Asbest yüklü gemi sökümünü rant olarak görenler bilmelidir ki bu ülke çöplük değildir. Birileri para kazanacak diye insanlarımızın ve çevrenin risk altında kalması bizler için kabul edilemez.

Kentsel dönüşüm, tartışılmaya bile fırsat bırakılmadan, "ötekileştirilerek" insanları yerlerinden yurtlarından etmektedir. İdeal kent sosyal donatılara sahip, temel haklara ulaşılabilirliği ve belli bir estetiği olan yaşam alanlarıdır. Ulaşım ve altyapı sorunları çözülmeyen, sanayi bölgeleri ile kentin iç içe geçmesi, çöp alanlarının yerleşim merkezlerine yakın olması gibi plansız kentleşmenin doğurduğu sorunlar o kente yaşayan insanlardan değil; o kenti yönettiğini iddia edip, yönetmeyi becerememiş siyasal iktidarların suçudur. "Parası olana satacak yerimiz çok" anlayışı ve uygulamaları, kente ve kentin kültürel ve tarihi değerlerine tecavüz etmek demektir.

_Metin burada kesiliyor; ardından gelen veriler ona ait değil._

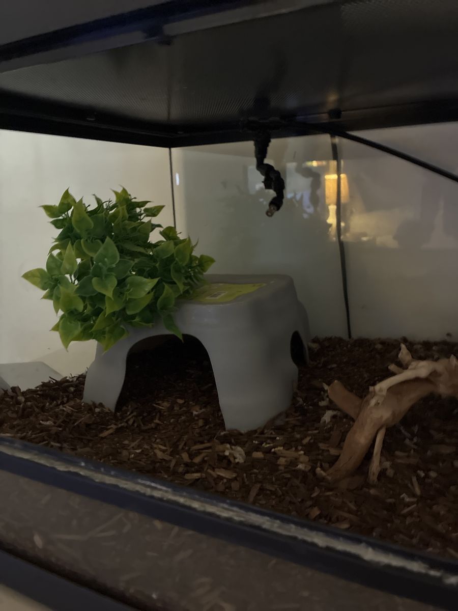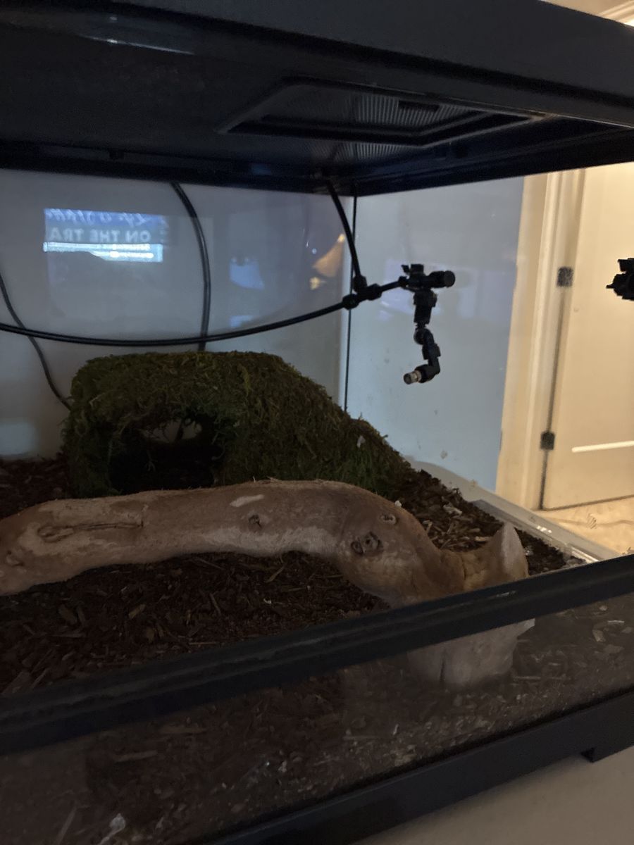Super cool set up upgraded the tank for my snake. It’s got a little water humidifier spring system and a no light heating source all a super good deal.

Yaşadığımız çevre sorunları, Türkiye‘nin bir çevre politikasının olmadığının en açık göstergesidir. Günü birlik gelgeç uygulamalarla çevre yönetilemez. Yönetici erk, kamudan yana bir çevre politikası belirlemek zorundadır. Bu politika belirlenirken sermayenin değil, insan ve çevrenin baş tacı edilmesi gerekir. Kirlilik cezayla değil politik kararlılıkla, teknik yaklaşımlarla ve toplumsal duyarlılıkla önlenebilir. Bu nedenle "kirleten öder prensibi" tarihin tozlu sayfalarına bırakılmalı ve "kirlilik önleme" prensipleri uygulamaya konmalı ve denetlenmelidir.

Felsefi olarak irdelendiğinde mesleğimiz politikayla iç içedir. Bu nedenle bizler mesleğimizi yaparken sadece temel mühendislik bilgilerini kullanacak kişiler olamayız. Her şeyin para ile ifade edildiği günümüz neoliberal dünyasında, bizler her şeye rağmen hesap makinelerimizi kullanmadan önce politik kararlılığımızı göstermeli ve bilimin halktan yana kullanılması gerekliliği bilincini taşımalıyız.

ÇMO 2. Öğrenci Kurultayı hazırlanışı, gündemleri ve katılımıyla hem çevre mühendisliği öğrencilerinin mesleklerini ve meslek odalarını sahiplenişini hem de "İnsanca Bir Yaşam, Yaşanabilir, Sağlıklı Bir Çevre" umudunun sahipsiz olmadığını göstermiştir.

Bizler çevre mühendisliği öğrencileri olarak biliyoruz ki "Kapitalizm kirletir!" ve yine biliyoruz ki "Başka Bir Dünya Mümkün" !

Yaşanılabilir bir dünya için son sözü insanlığın söyleyeceğine inanıyoruz ve kampüslerimizden bir kez daha haykırıyoruz:

Yaşasın Demokratik ve Özgür Üniversite! Yaşasın ÇMO Öğrenci Üye Örgütlülüğü!